┌─ Information provided

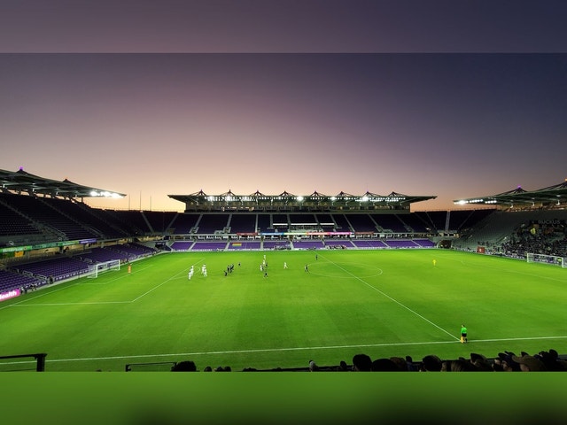 Stadium hosting Orlando City soccer matches and other events, featuring food and merchandise.
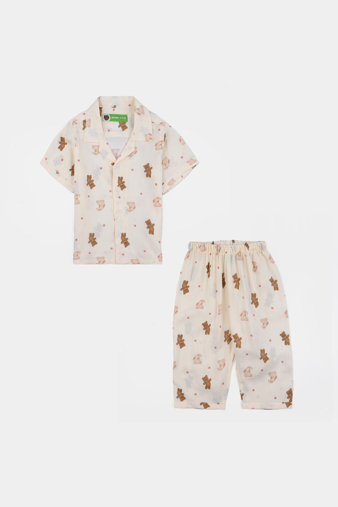 Infant Boys Viscose Night Suit (Teddy) - Off White
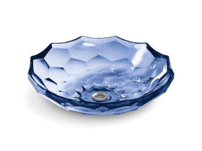 Kohler® Vessel Bathroom Sink, Faceted, Briolette™, Round, 16-7/16 in Dia x 4 in D Bowl, 1 Basin, 17-1/2 in W x 4-3/4 in H, Above-Counter Mount, Glass, Translucent Sapphire, ADA Compliance (Yes/No): Yes

└─

### About this task
Please set down the whole listing exactly, apart from the pictures.

### Exercise output
 Stadium hosting Orlando City soccer matches and other events, featuring food and merchandise.
 Infant Boys Viscose Night Suit (Teddy) - Off White
 Kohler® Vessel Bathroom Sink, Faceted, Briolette™, Round, 16-7/16 in Dia x 4 in D Bowl, 1 Basin, 17-1/2 in W x 4-3/4 in H, Above-Counter Mount, Glass, Translucent Sapphire, ADA Compliance (Yes/No): Yes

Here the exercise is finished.